» Activity
Search the listing below for the line containing "Goojitzu Stretch Strikers". From there through the line containing "值得一提的是,这次越狱并非个", transcribe every line exactly, both ends included.

» Data in this exercise
■ ■ ■ ■ ■ ■ ■
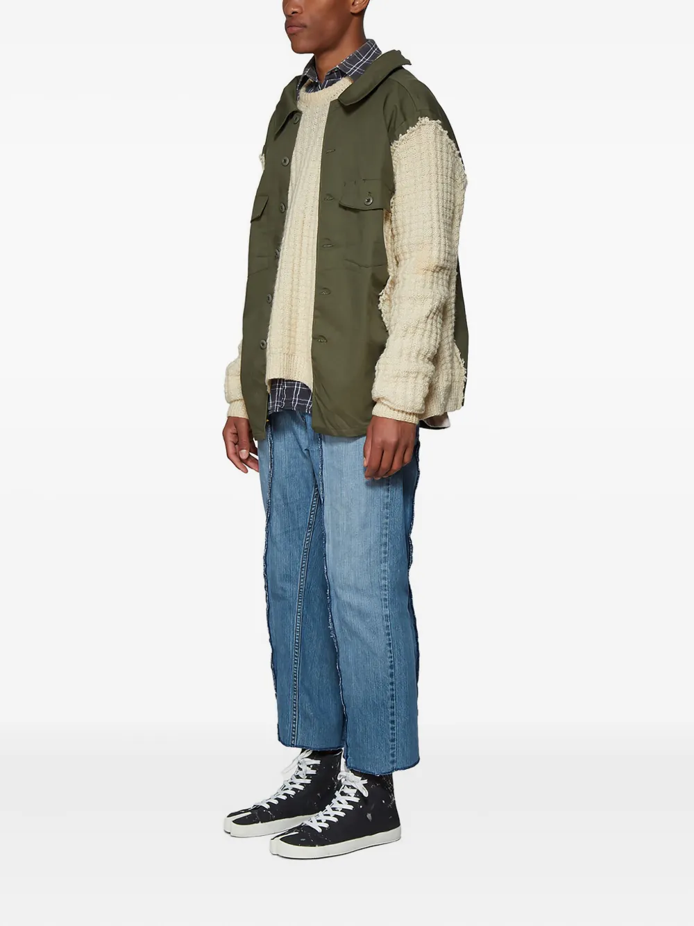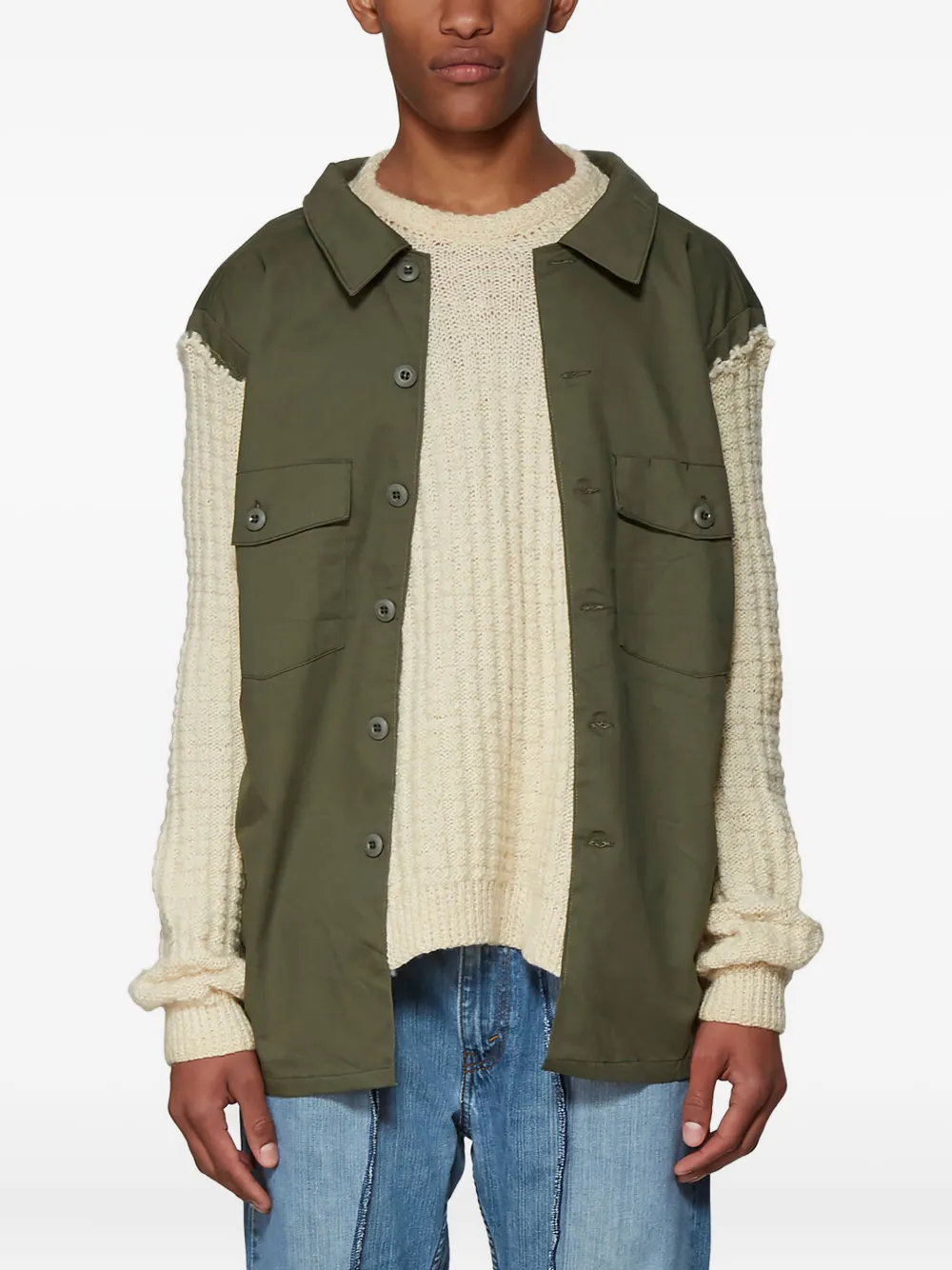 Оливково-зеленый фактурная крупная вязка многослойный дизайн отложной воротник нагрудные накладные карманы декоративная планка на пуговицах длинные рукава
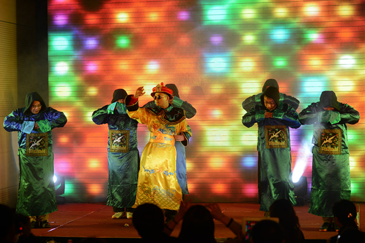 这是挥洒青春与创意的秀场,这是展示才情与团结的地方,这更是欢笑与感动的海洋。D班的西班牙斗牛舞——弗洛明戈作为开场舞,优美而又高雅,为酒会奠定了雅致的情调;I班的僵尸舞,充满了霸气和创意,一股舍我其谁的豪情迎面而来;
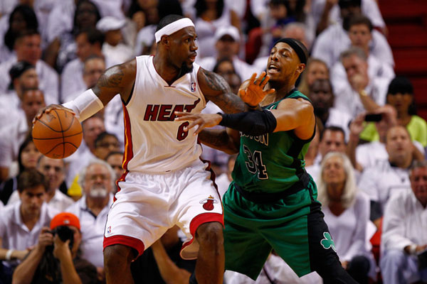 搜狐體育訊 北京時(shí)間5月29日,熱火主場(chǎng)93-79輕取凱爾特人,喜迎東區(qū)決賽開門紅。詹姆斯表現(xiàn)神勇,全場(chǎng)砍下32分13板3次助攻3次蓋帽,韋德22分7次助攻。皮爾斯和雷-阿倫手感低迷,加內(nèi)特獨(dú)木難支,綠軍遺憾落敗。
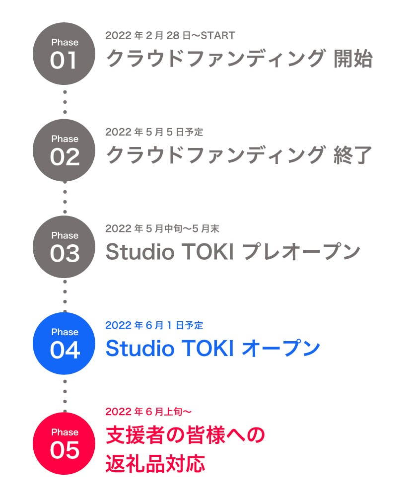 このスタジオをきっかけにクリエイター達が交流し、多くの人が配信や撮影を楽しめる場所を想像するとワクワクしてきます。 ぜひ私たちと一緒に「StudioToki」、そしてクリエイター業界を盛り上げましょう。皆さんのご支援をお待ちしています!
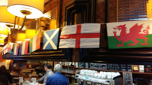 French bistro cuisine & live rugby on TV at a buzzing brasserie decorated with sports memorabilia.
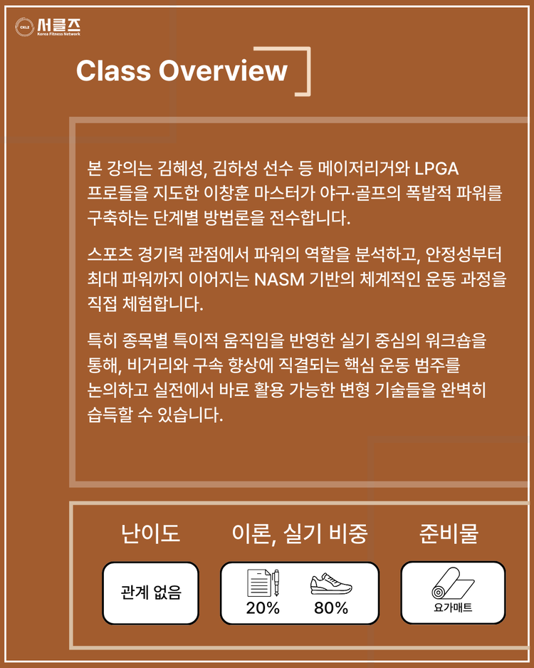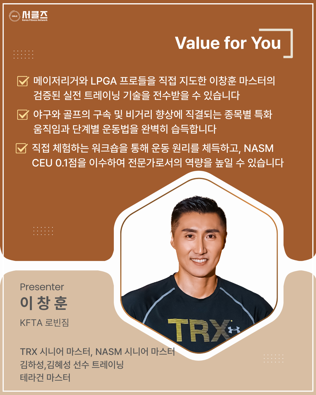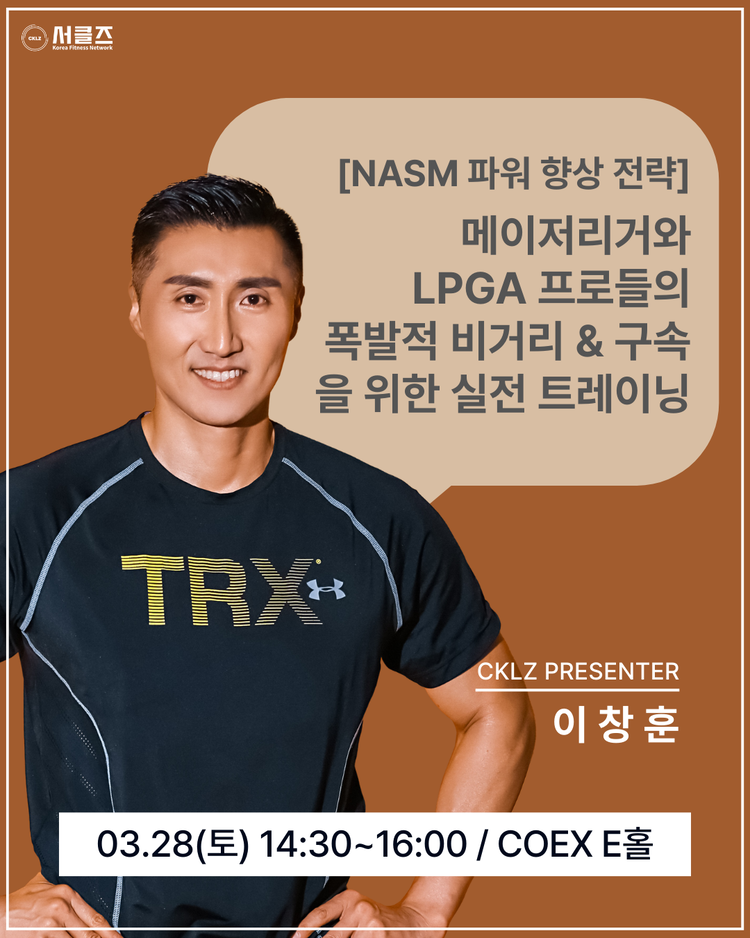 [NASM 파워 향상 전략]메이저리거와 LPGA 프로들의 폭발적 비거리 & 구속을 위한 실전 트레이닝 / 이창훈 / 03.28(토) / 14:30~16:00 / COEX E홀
■ ■ ■ ■ ■ ■ ■
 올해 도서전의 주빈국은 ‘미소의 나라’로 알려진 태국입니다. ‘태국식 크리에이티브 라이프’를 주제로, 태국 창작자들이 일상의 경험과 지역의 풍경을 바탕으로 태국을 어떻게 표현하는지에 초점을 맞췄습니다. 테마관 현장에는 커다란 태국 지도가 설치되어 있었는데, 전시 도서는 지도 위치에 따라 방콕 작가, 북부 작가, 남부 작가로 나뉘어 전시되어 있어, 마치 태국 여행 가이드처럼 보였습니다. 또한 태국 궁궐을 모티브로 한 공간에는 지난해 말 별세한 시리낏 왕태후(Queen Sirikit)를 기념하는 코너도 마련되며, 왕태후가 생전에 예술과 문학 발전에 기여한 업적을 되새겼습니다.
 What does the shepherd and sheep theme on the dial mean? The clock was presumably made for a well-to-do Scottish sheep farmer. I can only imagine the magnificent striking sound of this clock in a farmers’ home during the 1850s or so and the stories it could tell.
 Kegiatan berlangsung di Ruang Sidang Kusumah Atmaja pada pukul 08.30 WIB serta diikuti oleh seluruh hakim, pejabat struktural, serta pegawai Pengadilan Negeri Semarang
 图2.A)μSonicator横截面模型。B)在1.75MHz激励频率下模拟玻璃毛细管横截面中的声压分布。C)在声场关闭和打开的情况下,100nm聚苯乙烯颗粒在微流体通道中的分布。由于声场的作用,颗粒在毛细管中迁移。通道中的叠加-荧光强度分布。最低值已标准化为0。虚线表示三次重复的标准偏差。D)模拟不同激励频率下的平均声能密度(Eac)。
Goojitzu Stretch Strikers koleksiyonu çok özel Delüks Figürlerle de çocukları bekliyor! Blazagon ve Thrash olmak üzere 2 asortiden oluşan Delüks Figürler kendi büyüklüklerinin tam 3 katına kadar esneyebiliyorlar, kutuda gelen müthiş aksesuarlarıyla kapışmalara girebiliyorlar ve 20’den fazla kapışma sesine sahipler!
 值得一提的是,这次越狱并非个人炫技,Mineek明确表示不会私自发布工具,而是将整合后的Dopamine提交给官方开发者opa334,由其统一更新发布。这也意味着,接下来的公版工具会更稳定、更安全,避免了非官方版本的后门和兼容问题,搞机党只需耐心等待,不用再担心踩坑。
■ ■ ■ ■ ■ ■ ■
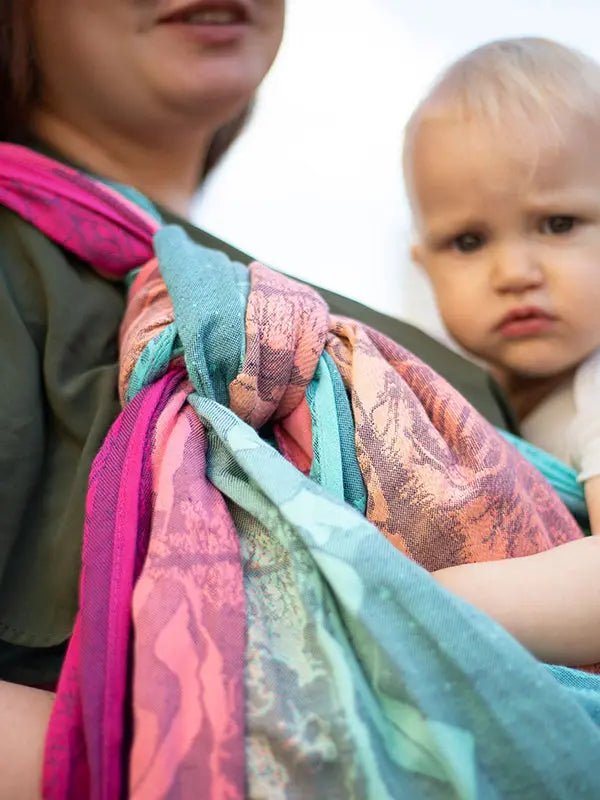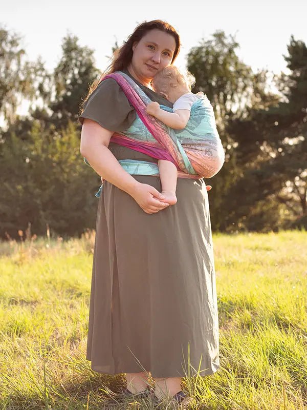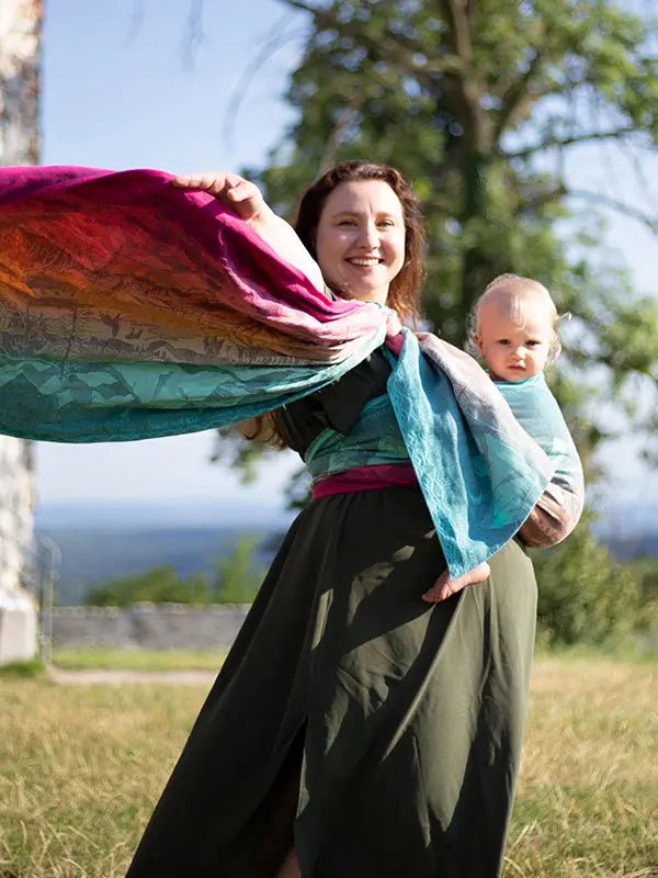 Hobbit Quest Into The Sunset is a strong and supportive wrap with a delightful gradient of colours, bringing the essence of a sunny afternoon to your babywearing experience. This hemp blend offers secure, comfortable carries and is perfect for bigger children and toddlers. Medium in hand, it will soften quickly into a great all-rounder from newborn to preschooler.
■ ■ ■ ■ ■ ■ ■
» Answer space
Goojitzu Stretch Strikers koleksiyonu çok özel Delüks Figürlerle de çocukları bekliyor! Blazagon ve Thrash olmak üzere 2 asortiden oluşan Delüks Figürler kendi büyüklüklerinin tam 3 katına kadar esneyebiliyorlar, kutuda gelen müthiş aksesuarlarıyla kapışmalara girebiliyorlar ve 20’den fazla kapışma sesine sahipler!
 值得一提的是,这次越狱并非个人炫技,Mineek明确表示不会私自发布工具,而是将整合后的Dopamine提交给官方开发者opa334,由其统一更新发布。这也意味着,接下来的公版工具会更稳定、更安全,避免了非官方版本的后门和兼容问题,搞机党只需耐心等待,不用再担心踩坑。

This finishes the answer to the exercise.